English guitarit and rock musician (born 1947)

Brinsley Ernst Pieter Schwarz (born 15 August 1947) is an English guitarist and rock musician. He is best known for playing in his eponymous band, as well as Ducks Deluxe and The Rumour. He has also recorded and produced with Colin Scot, Ernie Graham, Frankie Miller, Al Stewart, Dr. Feelgood, The Kursaal Flyers, Dave Edmunds, Carlene Carter, Nick Lowe, Desmond Dekker, Garland Jeffreys, Any Trouble, Duncan Dhu, Rachel Sweet, Man, and Mikel Erentxun.

== Early life ==
Brinsley Schwarz's family roots are Dutch. His father was Wym Schwarz, a maths teacher, and his mother was Joan, who was English. Schwarz attended Woodbridge School with Nick Lowe.

Schwarz "fell in love" with the guitar after hearing "Apache" by The Shadows on the radio. The Shadows' lead guitarist, Hank Marvin, has been cited as one of Schwarz's influences, as well as The Beatles, Elvis Presley, Chuck Berry, Albert King, The Band, Bob Dylan, Little Feat, Steely Dan, Robben Ford, Larry Carlton and Amos Garrett.

== Career ==

=== Brinsley Schwarz (band) ===
As a teenager, he formed his first band, Three's A Crowd with bass player Dave Cottam and drummer Pete Whale. They changed their name to Kippington Lodge in 1967 and added Barry Landeman on keyboards. Cottam left and Nick Lowe joined and Landeman left to join Vanity Fare and was replaced by Bob Andrews and in 1969 changed their name to Brinsley Schwarz, named after Schwarz, which came around after he was the only member who voted not to change the band name. The band released six albums and only one single before breaking up in 1974.

=== Later career ===
After the band broke up, Schwarz briefly joined Ducks Deluxe on their final tour. Ducks Deluxe ended the following year, which led to Schwarz forming The Rumour and going on to achieve success with Graham Parker as Graham Parker and the Rumour, having three UK top 40s between 1977 and 1978 before splitting in 1981. He also toured with Carlene Carter and Garland Jeffreys.

In the 1980s, Schwarz learned how to build and repair guitars at Chandler Guitars, and eventually, he retired from live performing in 1989, due to growing tired of touring and because of an unusual disliking of flying, and he became a fulltime luthier. He briefly returned to music in 2010 to perform with The Rumour again for a few reunion dates, and he returned to music full-time in 2012, re-joining Ducks Deluxe for their last year, before they split up in 2013.

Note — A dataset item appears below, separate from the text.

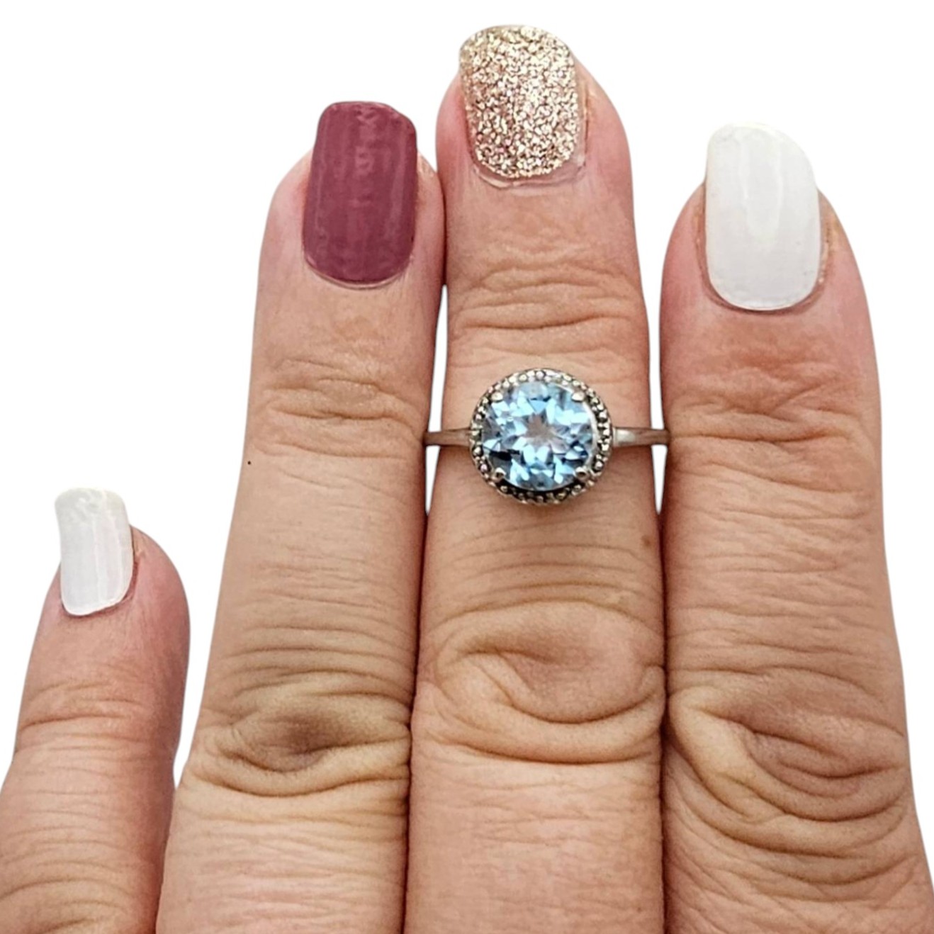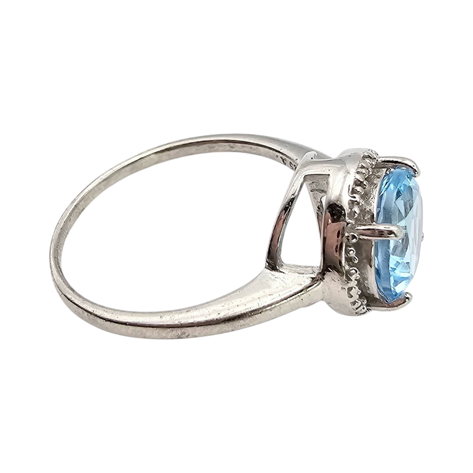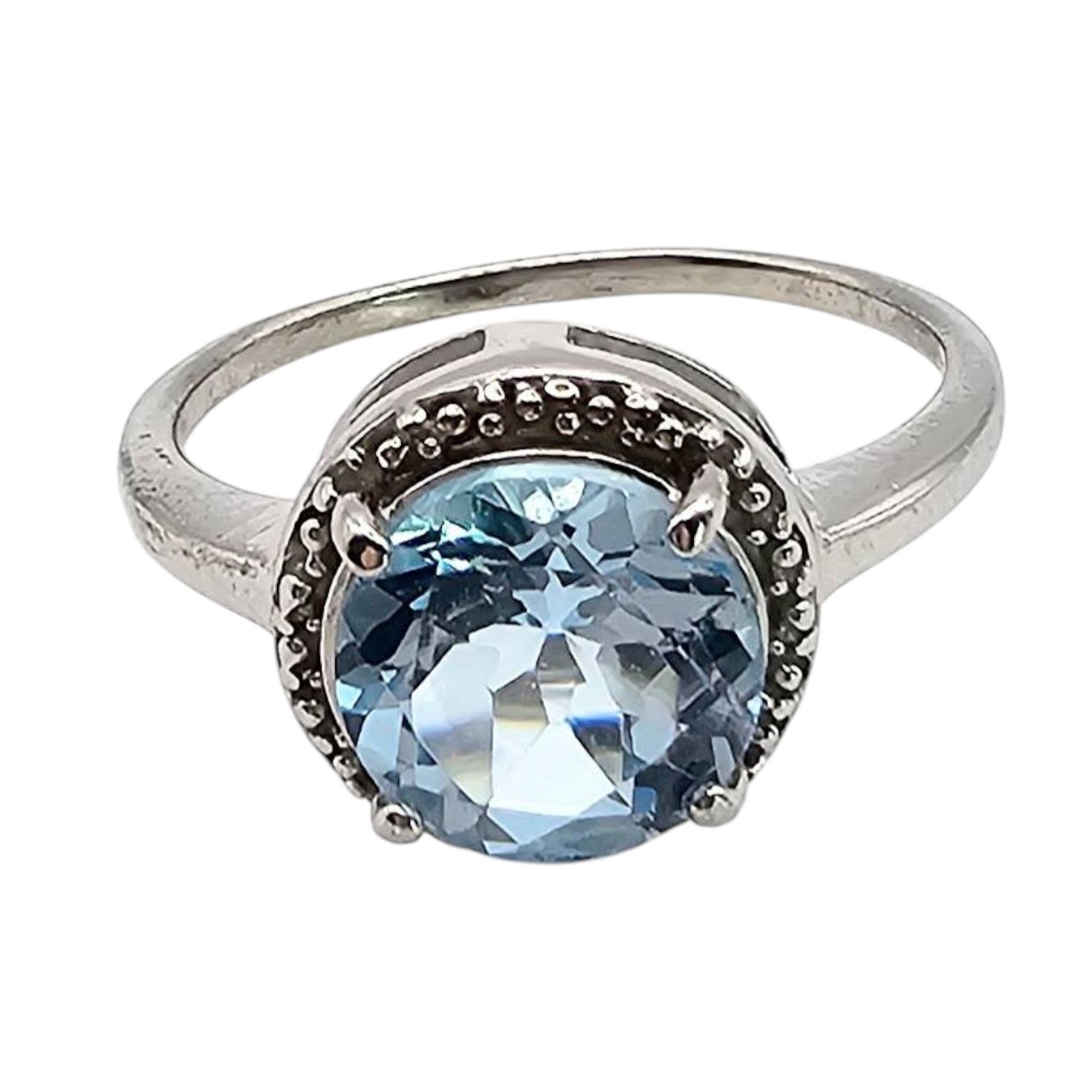 Sterling silver ring featuring a round blue topaz stone set in a decorative bezel. Ring size is 6.5 and it weighs 2.7 grams. Ideal for casual or formal settings.

In 2016, he toured with Graham Parker. For nearly two decades (1980s–2000s), Schwarz rarely wrote songs, but after hearing Steely Dan's Two Against Nature album, Schwarz became inspired to write again and has since released three albums: Unexpected, a self-released album in 2016, on which he played all guitars and bass and sang all the vocals, Tangled in 2021 and Shout at the Moon in 2025, both released by Fretsore records.

==Solo discography==
- Unexpected (2016) (self-released)
- Tangled (2021) (Fretsore Records)
- Shout at the Moon (2025) (Fretsore Records)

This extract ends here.